*** Block opens ***
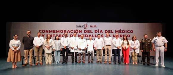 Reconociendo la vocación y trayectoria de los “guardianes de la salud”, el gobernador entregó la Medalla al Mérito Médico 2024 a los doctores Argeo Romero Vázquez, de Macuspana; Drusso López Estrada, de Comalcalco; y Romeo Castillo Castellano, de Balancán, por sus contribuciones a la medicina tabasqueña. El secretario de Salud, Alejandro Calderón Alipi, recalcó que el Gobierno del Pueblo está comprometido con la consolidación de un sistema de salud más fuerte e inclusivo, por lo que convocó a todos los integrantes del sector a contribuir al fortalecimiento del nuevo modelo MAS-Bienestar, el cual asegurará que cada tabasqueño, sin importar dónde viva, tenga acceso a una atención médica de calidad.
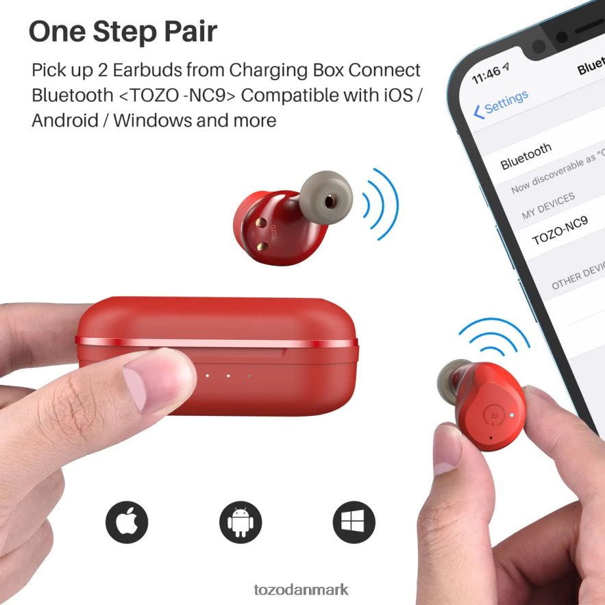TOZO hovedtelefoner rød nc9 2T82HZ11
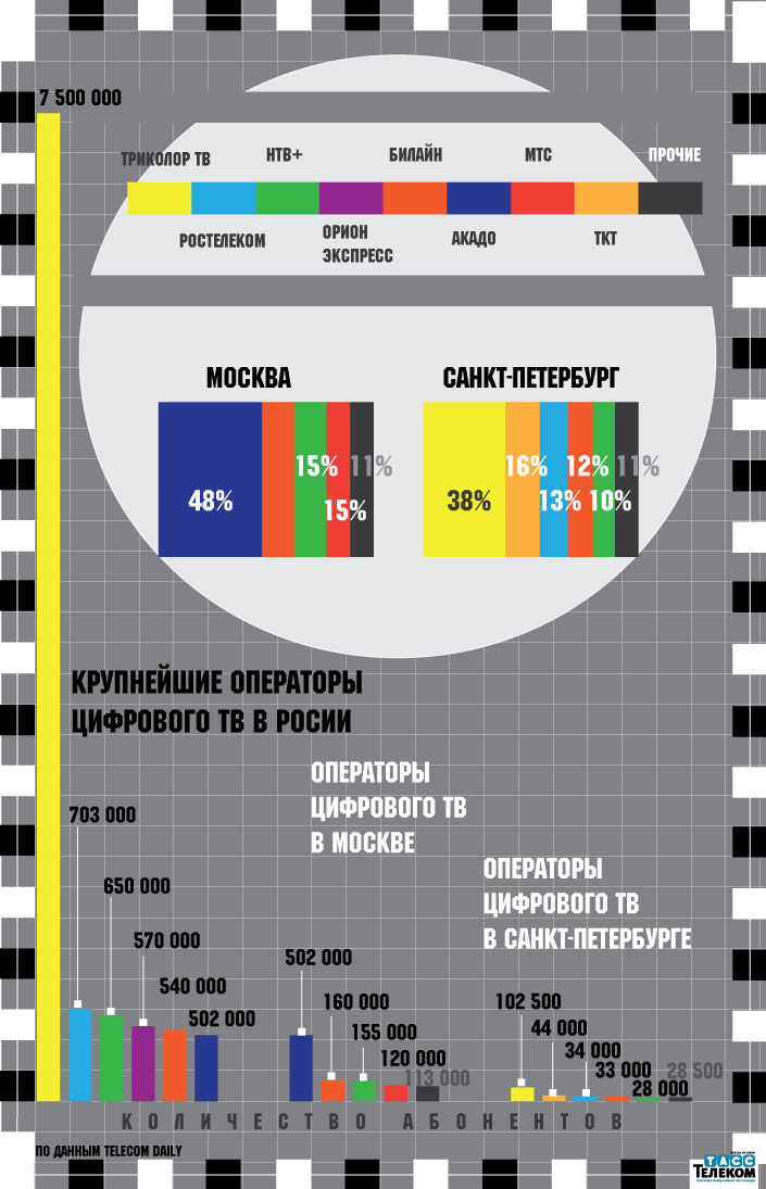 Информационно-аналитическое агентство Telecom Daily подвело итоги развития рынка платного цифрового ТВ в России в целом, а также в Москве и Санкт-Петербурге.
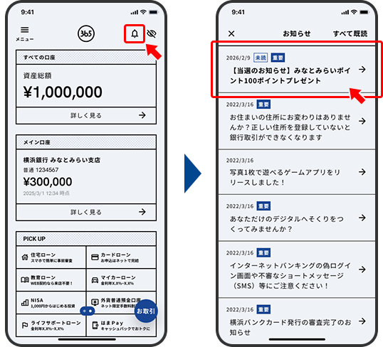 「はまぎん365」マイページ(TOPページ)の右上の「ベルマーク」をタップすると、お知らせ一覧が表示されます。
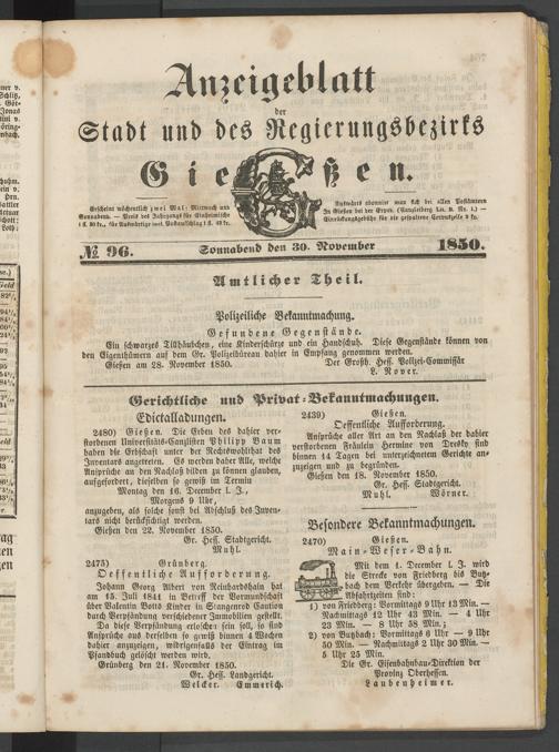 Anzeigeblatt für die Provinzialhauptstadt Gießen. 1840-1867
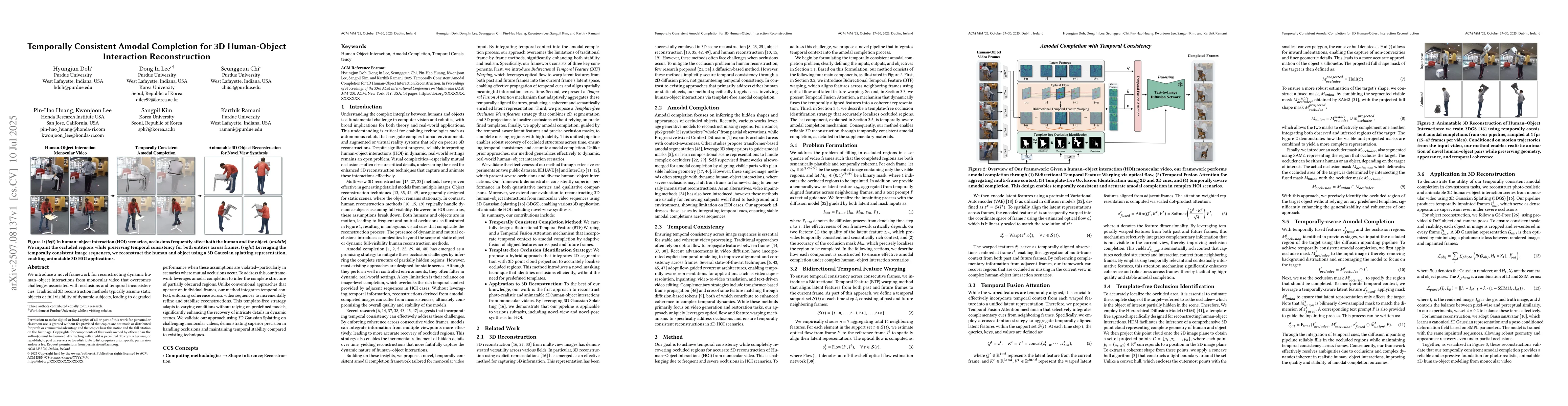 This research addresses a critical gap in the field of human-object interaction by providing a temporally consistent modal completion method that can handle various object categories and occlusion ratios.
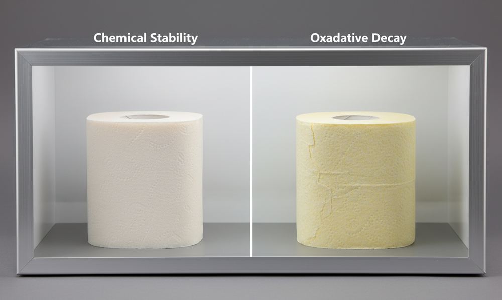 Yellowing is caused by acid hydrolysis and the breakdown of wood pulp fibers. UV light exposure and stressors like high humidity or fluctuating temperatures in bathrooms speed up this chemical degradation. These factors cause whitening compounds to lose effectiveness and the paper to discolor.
*** Block closes ***
> [Task directions]
Copy these entries precisely and drop any picture.

> [The answer]
 Reconociendo la vocación y trayectoria de los “guardianes de la salud”, el gobernador entregó la Medalla al Mérito Médico 2024 a los doctores Argeo Romero Vázquez, de Macuspana; Drusso López Estrada, de Comalcalco; y Romeo Castillo Castellano, de Balancán, por sus contribuciones a la medicina tabasqueña. El secretario de Salud, Alejandro Calderón Alipi, recalcó que el Gobierno del Pueblo está comprometido con la consolidación de un sistema de salud más fuerte e inclusivo, por lo que convocó a todos los integrantes del sector a contribuir al fortalecimiento del nuevo modelo MAS-Bienestar, el cual asegurará que cada tabasqueño, sin importar dónde viva, tenga acceso a una atención médica de calidad.
TOZO hovedtelefoner rød nc9 2T82HZ11
 Информационно-аналитическое агентство Telecom Daily подвело итоги развития рынка платного цифрового ТВ в России в целом, а также в Москве и Санкт-Петербурге.
 「はまぎん365」マイページ(TOPページ)の右上の「ベルマーク」をタップすると、お知らせ一覧が表示されます。
 Anzeigeblatt für die Provinzialhauptstadt Gießen. 1840-1867
 This research addresses a critical gap in the field of human-object interaction by providing a temporally consistent modal completion method that can handle various object categories and occlusion ratios.
 Yellowing is caused by acid hydrolysis and the breakdown of wood pulp fibers. UV light exposure and stressors like high humidity or fluctuating temperatures in bathrooms speed up this chemical degradation. These factors cause whitening compounds to lose effectiveness and the paper to discolor.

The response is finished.